• **Required action**
Print exactly the lines below between the line containing "Collection neatly arranged" and the line containing "下午,暨南大學(xué)會計", counting both of those lines. Leave pictures out.

***** Exercise material *****

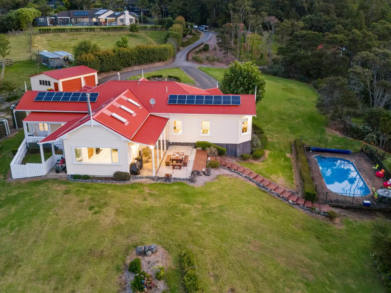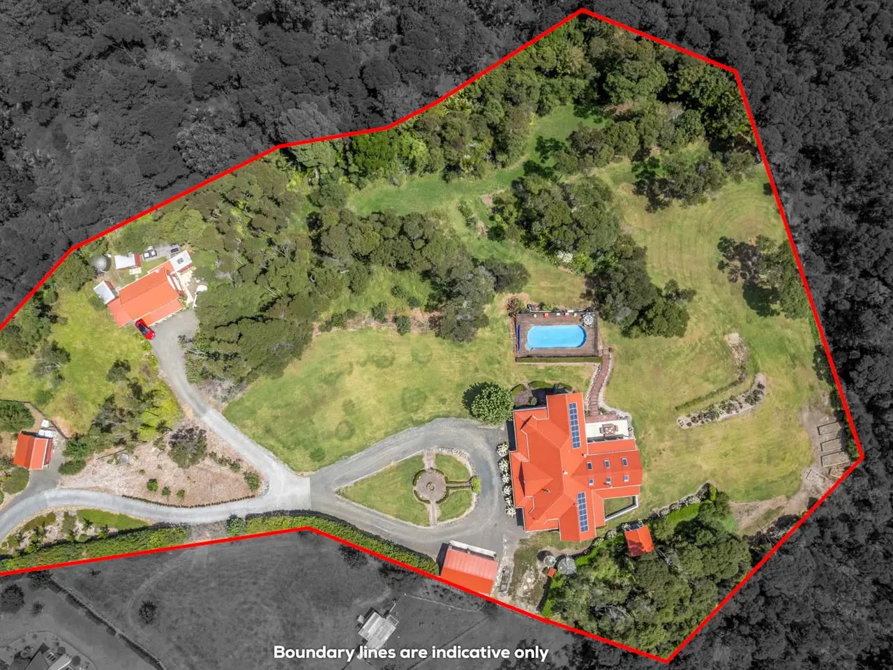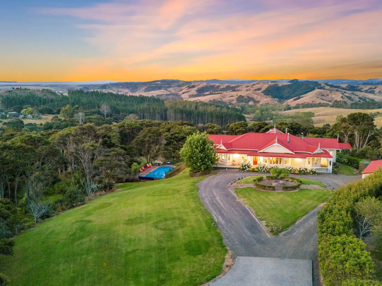 Walking through the gate and looking down the 100-metre drive, you will be captivated by this extraordinary home. This award-winning modern re-creation of a 1900’s era Victorian Villa, resplendent in its beauty, leaves a lasting impression on everyone who visits! It's more than just a home; it's a dream come true, blending contemporary construction with traditional character and the endearing charm of yesteryear!This 6-year-old Supreme Winner of the NZ Grand Designs House of the Year Award bears the exclusive hallmark of bespoke luxury and impeccable craftsmanship. Driving down the concrete driveway past the two-bedroom guest dwelling-The Lodge-the magnificent scale of the villa emerges.Private and established on more than three acres of native bush and landscaped gardens, the villa’s elevated position offers views of the McKenzie Ranges, Kaipara Harbour, and idyllic rural vistas.The luxurious, richly textured interior décor exudes glamourous opulence throughout, with plush carpet underfoot, gallery hallways, 3.6 m high ceiling, feature stained glass windows & bejewelled elegant chandeliers overhead. The layout is spacious & grand. Built to modern standards, the home features a heat pump, double glazing & solar power, providing energy-efficient, comfortable living all year round.The hub of the home is the epic open-plan designer kitchen/dining room with a towering Cathedral ceiling. The awe-inspiring rural views from the enormous kitchen picture frame window take your breath away. The designer kitchen features bespoke imported cabinetry, a Belling Gas Hob, a Wagener coal range & double fridges. Access opens out onto the entertainment area with steps leading down to the swimming pool & deck. A spa pool with a covered rotunda is also included.The family lounge, with its wood burner fire, is an intimate & relaxing space for the whole family. The library doubles as a media room, secondary living, or extra bedroom. The family bathroom features a claw-foot bathtub & pedestal basins.The five large bedrooms include the Master Suite with a walk-in wardrobe and ensuite bathroom.The Lodge accommodates extended family living or additional income opportunities, e.g., Air BnB.A large, near-new triple Versatile garage offers excellent storage & vehicle parking.
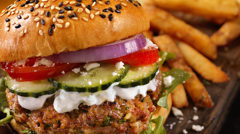 When it comes to fixin's, you can double down with crumbled or sliced feta on top of your burger in place of your typical cheese. You can also lean into the Mediterranean mindset by drawing inspiration from a Greek salad with halved Kalamata olives, marinated red onions, or slices of cucumber, or the flavors of Greek dressing with oregano, mustard, and garlic. You can even create a creamy topping by combining those elements with Greek yogurt. Alternately, fold a couple of ounces of feta into a little mayo along with your choice of herbs (like parsley and mint), and a squeeze of fresh citrus. These Greek-themed spreads offer a deliciously cool contrast to your hot-off-the-grill, caramelized patty.
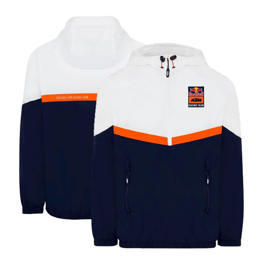 Whether you’re at the track, on the daily commute or embracing the adventure, this stylish Red Bull KTM Racing Team windbreaker will keep the chill at bay. Created in functional but comfortable polyamide, it features a standout color block design, offset by Red Bull KTM Racing Team branding on the chest and back to show your pride. On the practical side, the half-zip neck offers versatility, while the adjustable hood and hand pockets will lock in warmth just when you need it.
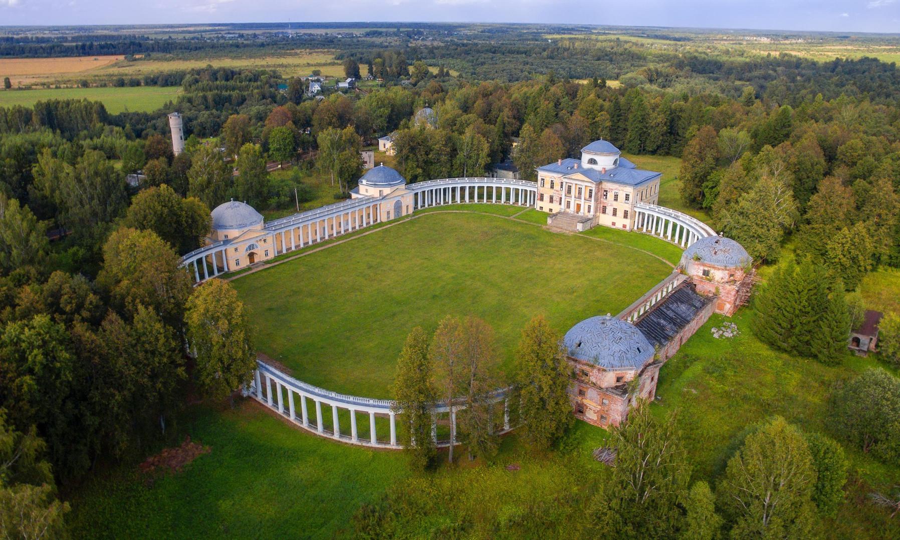 Исследователи называют усадьбу шедевром русского классицизма, созданного знаменитым зодчим, «русским Палладио» Николаем Львовым. До наших дней из его ансамбля сохранился главный дом, соединенный с флигелями и парадными воротами круговой колоннадой, обширный парк с прудами, Знаменская церковь, валунный грот и павильон-колодец в неоклассическом стиле.
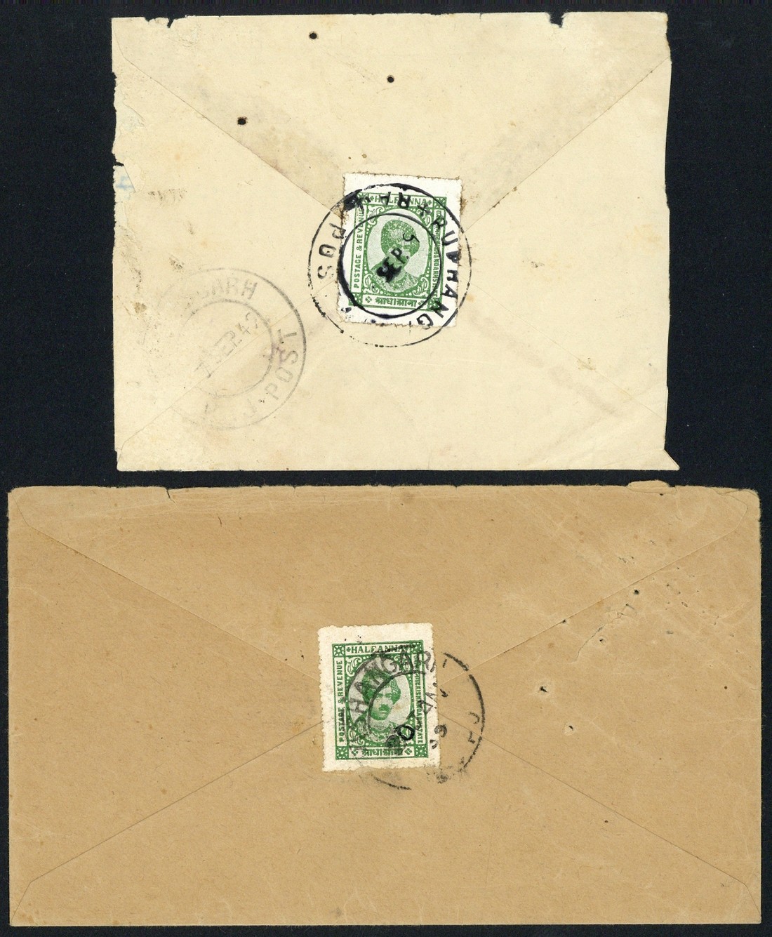 Collection neatly arranged in two stockbooks, one with a largely unused range of the stamps including 1899-1901 values to 5r. imperforate and rouletted (5) and with a few tête-bêche pairs, 1904-10 unused to 5r. with some low value blocks, 1a. (5) and 2a. (5) perforated colour trials, 1913-16 set to 5r. and ¼a. sheets (2), some 1928-47 issues and Official stamps; the second stockbook with 1860's small native envelope bearing ½a. with United Provinces duplex, a few unstamped documents and postal slips, 1928-47 usages on document or covers and Indian post office cards (2, one outgoing and one incoming)
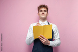 guy waiter in an apron takes an order and writes in a notebook, restaurant worker in uniform on pink background
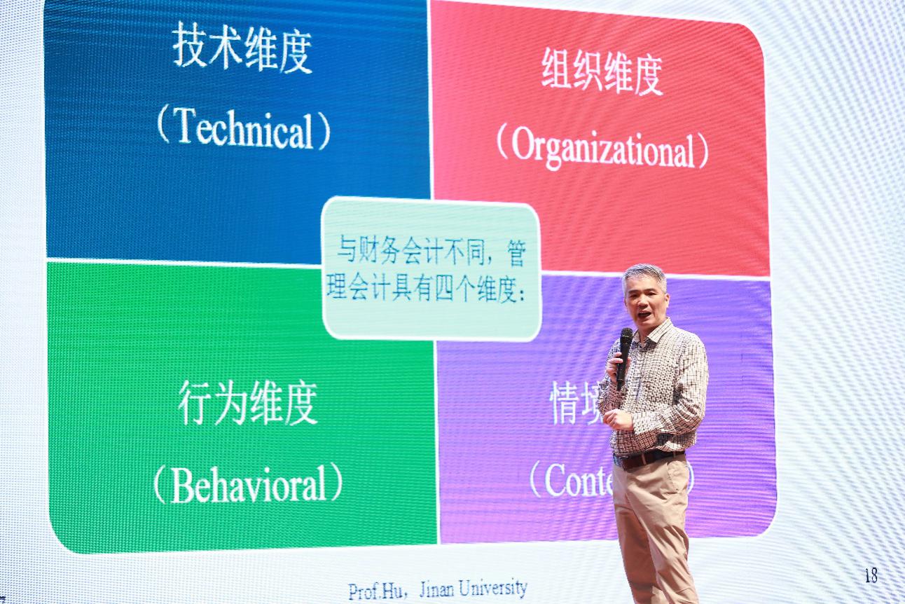 下午,暨南大學(xué)會計系教授胡玉明以“管理會計如何‘由技入道’”為題,首先分析了管理會計與財務(wù)會計有何不同,并深入淺出的剖析了大智移云背景下,管理會計的提升關(guān)鍵在于分析對數(shù)字背后意義。他強調(diào),會計人員對大數(shù)據(jù)等新科技挑戰(zhàn)不應(yīng)當(dāng)恐慌,反而應(yīng)當(dāng)成機遇,提升數(shù)據(jù)分析能力。
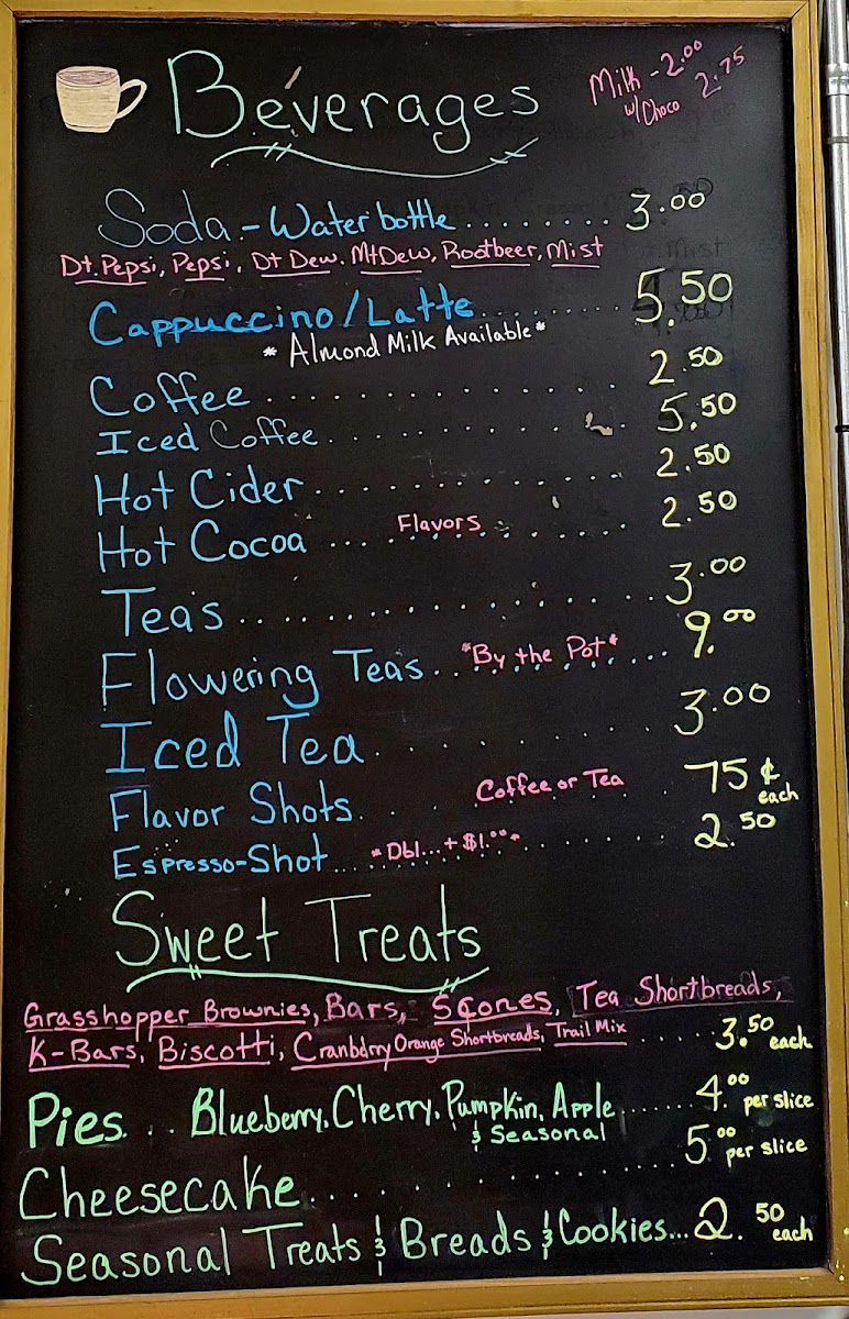 Beverages: The drinks menu includes a range of hot and cold options such as cappuccino, coffee, iced coffee, hot cider, hot cocoa, flowering teas, and iced tea. Prices for several beverages start at around US$2.50 to US$3.00, catering to those seeking a coffee house or tea house experience.
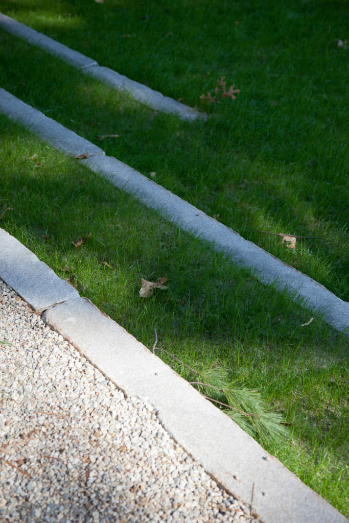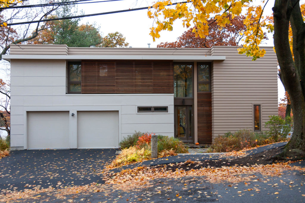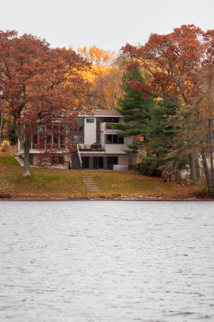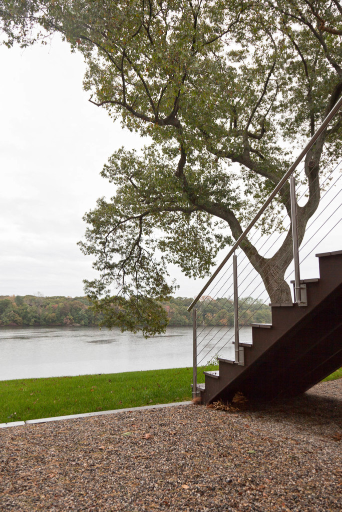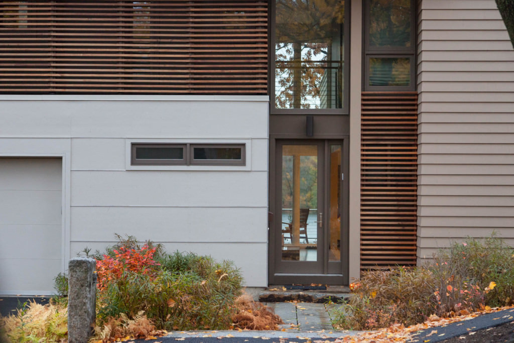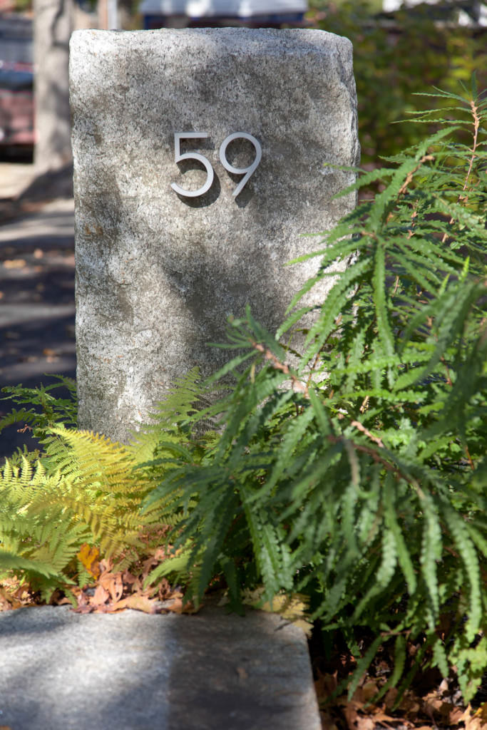 A fantastic new contemporary home and environmentally savvy landscape stand proudly on the edge of a carefully restored waterfront on Lower Mystic Lake in Arlington, Massachusetts. Wonderful slabs of reclaimed granite curbing hand picked by the landscape architect and the clients are adaptively re-used to create an inviting and fresh new front walkway. The same materials are used to construct an elegant stone and lawn staircase that glides from the house to the water on the steeply sloped back yard. Hardscape areas utilize porous paving and water is allowed to return to the local watershed—in the front with permeable asphalt, and in the back with compacted peastone on top of a gravel base. Colonies of drought-tolerant native trees, shrubs, and groundcovers that are found in the local ecology communities surrounding the Lake quickly take hold without the help of a conventional or permanent irrigation system, and the low-maintenance property absolutely erupts with color each autumn.
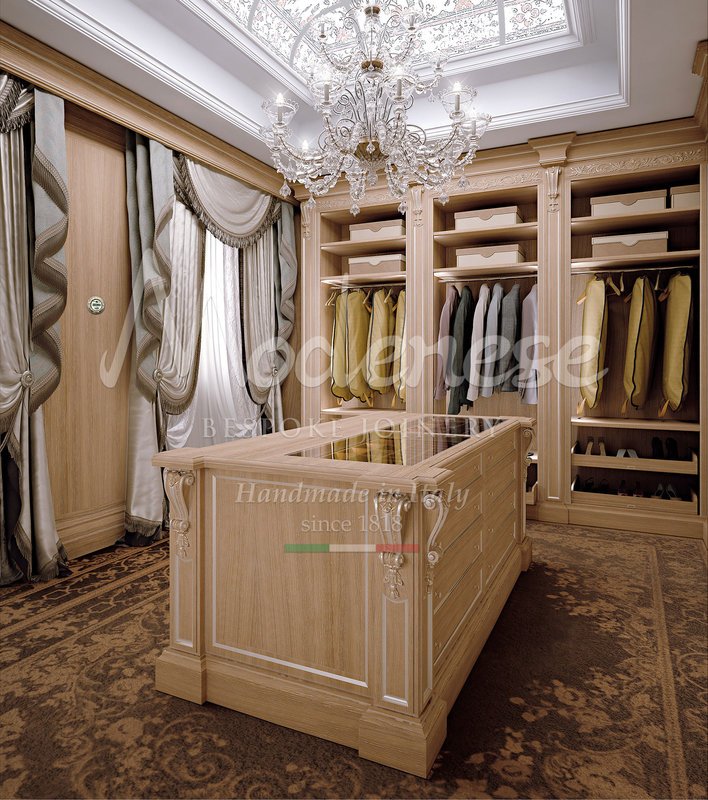 Modenese Bespoke производит кухни из массива ореха, вишни, дуба с ручной резьбой глубиной до 8 мм. Фасады украшают инкрустации из перламутра, латуни, слоновой кости (легальной, с сертификатами CITES). Патинирование проходит в семь слоев с промежуточной шлифовкой зернистостью от 180 до 1200 единиц. Золочение выполняется сусальным золотом 23,75 карата методом гульфарба — техникой, разработанной флорентийскими мастерами в XV веке.

*****

• **Exercise answer**
 Collection neatly arranged in two stockbooks, one with a largely unused range of the stamps including 1899-1901 values to 5r. imperforate and rouletted (5) and with a few tête-bêche pairs, 1904-10 unused to 5r. with some low value blocks, 1a. (5) and 2a. (5) perforated colour trials, 1913-16 set to 5r. and ¼a. sheets (2), some 1928-47 issues and Official stamps; the second stockbook with 1860's small native envelope bearing ½a. with United Provinces duplex, a few unstamped documents and postal slips, 1928-47 usages on document or covers and Indian post office cards (2, one outgoing and one incoming)
 guy waiter in an apron takes an order and writes in a notebook, restaurant worker in uniform on pink background
 下午,暨南大學(xué)會計系教授胡玉明以“管理會計如何‘由技入道’”為題,首先分析了管理會計與財務(wù)會計有何不同,并深入淺出的剖析了大智移云背景下,管理會計的提升關(guān)鍵在于分析對數(shù)字背后意義。他強調(diào),會計人員對大數(shù)據(jù)等新科技挑戰(zhàn)不應(yīng)當(dāng)恐慌,反而應(yīng)當(dāng)成機遇,提升數(shù)據(jù)分析能力。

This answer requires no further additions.